Mas deixemos isso para lá e vamos botar os tamborins para tocar, os tambores de São Luís, que tem um batido de 400 anos, as cabrochas bonitas rodopiando ao ritmo dos cocos africanos, um deles o Tambor de Crioula, e o gingado dos fofões no seu grito de guerra: “Tu me conheces, Carnaval?”

Meu tio Ferdinand, um festeiro de primeira linha, uma vez, quando viu o Bloco da Mesa, todos cantando com uma mesa carregada por foliões, tomou a mesa e colocou na cabeça e inventou uma marchinha: “Esta mesa não é minha, esta mesa é da vizinha.” E os donos verdadeiros do Bloco da Mesa o expulsaram, deram-lhe uns bofetões e ele chegou em casa com as marcas. Estórias de Carnaval.

Mas o mais singular Carnaval de que eu ouvi falar foi o do jornalista Antônio Carlos, que me afirmou que na Barra do Corda se cantava o Carnaval em latim – pode? O latim das orações da Quarta-Feira de Cinzas entoado na bagunça do Carnaval. Não era canto gregoriano, mas samba de breque.

E o “Cara-Dura”, o último carro do bonde que ia para o Anil, todo enfeitado, gente brincando com cofo cheio de capim e a tapioca fazendo o Bloco dos Sujos, onde até urina era jogada na luta da brincadeira.

Depois quiseram encurralar o Carnaval só nos desfiles da avenida das escolas de samba, cada uma querendo ter mais brilho do que a outra e criando um espetáculo que não tinha a espontaneidade dos blocos de rua.

Agora, há um movimento da onda contrária, está voltando o Carnaval de rua em todo o Brasil. Em São Paulo o prefeito está discutindo se são três milhões e meio ou quatro milhões de bloquistas. Em Recife é o Galo da Madrugada, na Bahia, com bloco ou sem bloco, a turma quer é brincar, reclamando da falta de mictórios – e na falta destes marcham para aquilo que na Bahia chamam de descarrego -, enquanto no Rio também os mijadores de automóvel fazem a festa dos fotógrafos e dos curiosos.
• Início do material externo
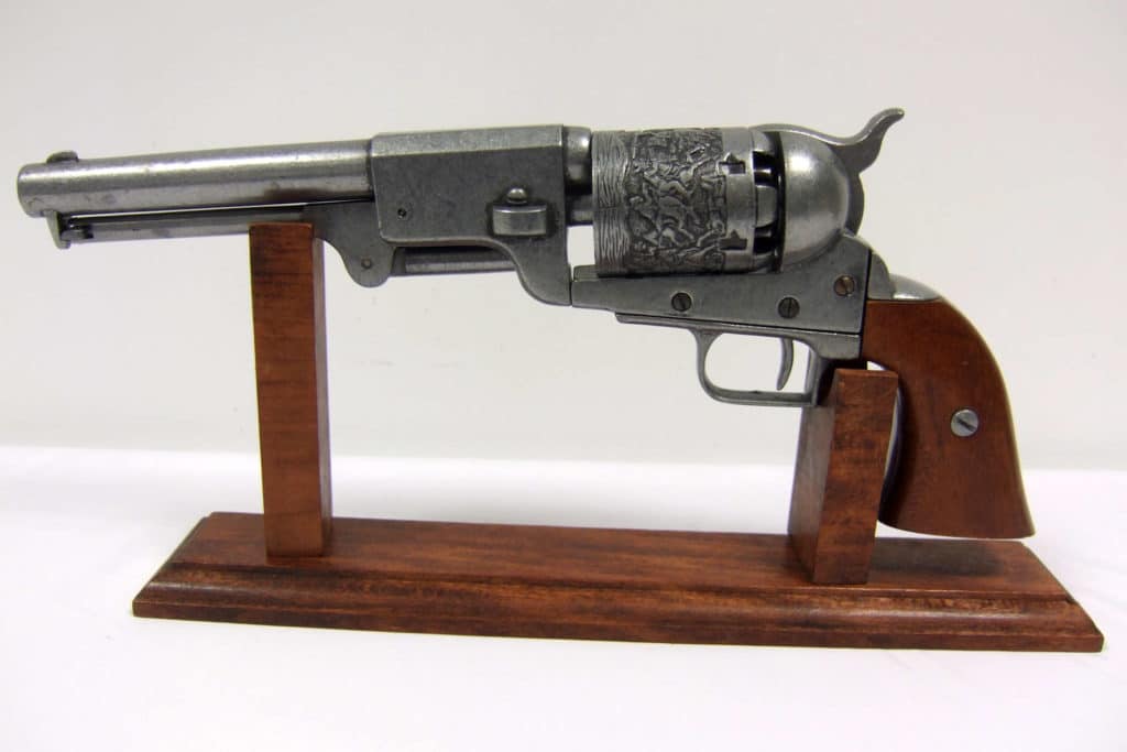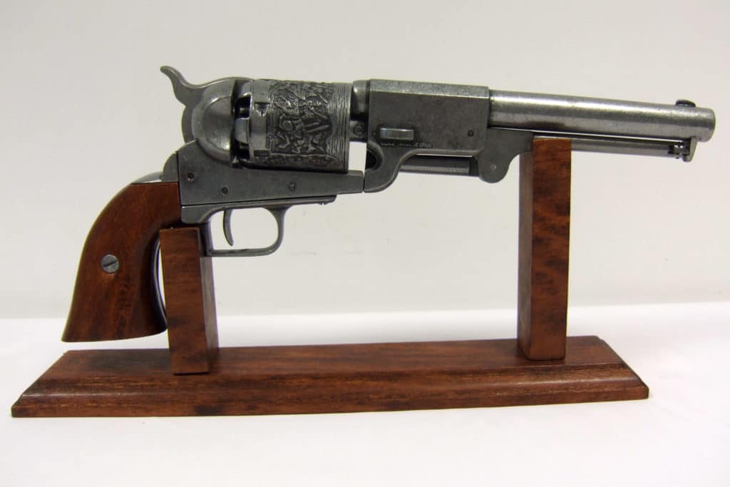 Jäljennös Coltin valmistamasta vuoden 1848 revolverista. Tämä 44 kalibeerinen revolveri suunniteltiin Yhdysvaltain rakuunien (Dragoon), eli ratsuväkijoukon käyttöön. Se korvasi aikaisemman Walker revolverin, joka oli kömpelö käyttää ja kärsi latausongelmista. Aseesta tuli suosittu 1850-1860 luvuilla siviilien käytössä ja sitä käytettiin jopa Yhdysvaltojen sisällissodassa.

Mas estamos falando é daqui e vamos deixar para lá que eles façam o que quiserem para festejar a alegria. No Maranhão o Carnaval forte sempre foi e será o de blocos de rua, com maizena e sem o rodó (lança-perfume de outrora) a fazer os sovacos cheirosos da folia. A palavra de ordem portanto é botar o bloco na rua… e viva o Rei Momo!
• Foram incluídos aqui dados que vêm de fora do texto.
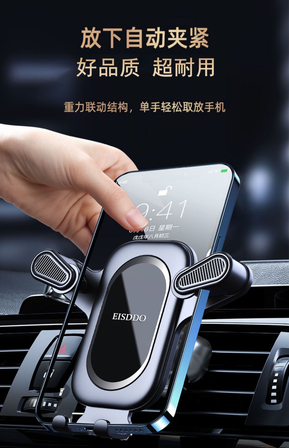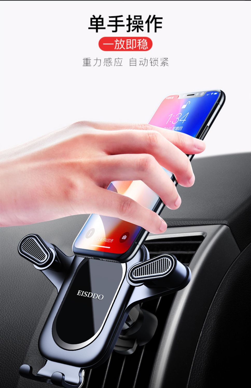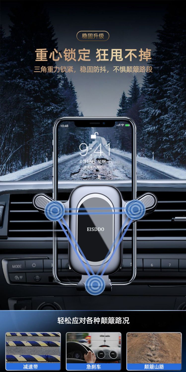 金属重力式车载手机支架车上汽车用横竖出风口导航固定支撑架新款 English | 投诉

Picasso, quando completou 90 anos, disse: “Ah! Que saudades dos meus 80.” E eu, que estou no caminho de lá, que nunca fui carnavalesco, que só gostava mesmo era de assistir os desfiles e ver minha sogra, na Rua do Passeio, com a grande panela de mingau de milho, a receber os bêbados e dar a cada um copázio – eles saíam bons, para recomeçar um novo porre, eu digo:

– Ah! Que saudades, não dos meus 80, mas dos meus 18, com baile de máscara, dominó e tudo.